Fig. 6. Characterization of protein dynamic domain movement based on sPRE

A) Correlation between the sPRE collected for ligand-free Ca²⁺-CaM in the presence of 2 mM and 4 mM paramagnetic cosolute, Gd³⁺-TTHA-TMA. PRE values and errors are both multiplied by 2 for the 2 mM dataset. B) Correlation between observed and calculated sPRE values based on the open structure of the protein (PDB code 1CLL). The sPRE values are colored by NTD (residues 1-74), linker region (residues 75-86), and CTD (residues 87-148). C) Comparison of the observed sPRE profile (red dots) and back-calculated sPRE profiles for the known crystal structure in the open conformation (blue line) and the ensemble structure identified in this study (orange line). Residues with large improvement in the agreement between observed and calculated sPRE values are color-shaded. The error bars stand for 1 standard deviation in sPRE measurement uncertainty.
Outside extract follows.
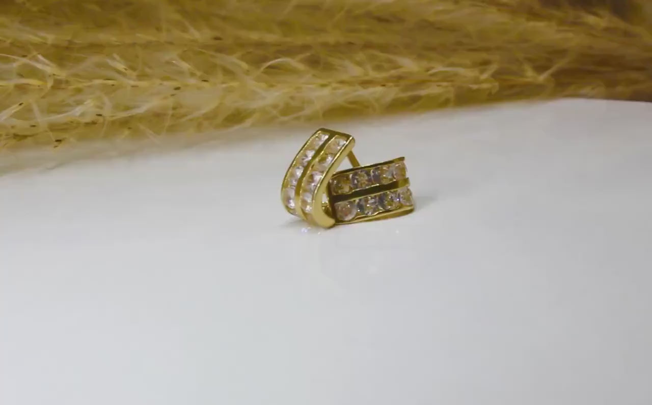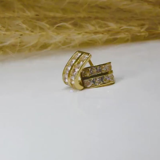 Hoop earrings in 585 yellow gold with zirconia stone / double row horseshoe shape

Fig. 7. A two-conformer ensemble structure identified for ligand-free Ca²⁺-CaM

A) The open state selected from MD library with a population of 60%. B) The close state selected from MD library with a population of 40%. The two domains, with the NTD and CTD colored in different shades of gray, bury solvent accessible surface area of ~1255 Ų, while at the same time, the linker residues improve their solvent exposure at one side of the protein. C) Comparison of the closed-state structure identified based on the sPRE data (colored blue) and previously determined based on the PRE data with a nitroxide probe covalently attached at S17C site (colored light orange). The backbone r.m.s. difference between the two structures is as low as 1.50 Å. D) Comparison of the closed-state structure based on the sPRE (marine) and the crystal structure of the ligand-bound Ca²⁺-CaM (PDB code 1CDL, colored orange). The backbone r.m.s. difference between the two structures is as low as 3.50 Å.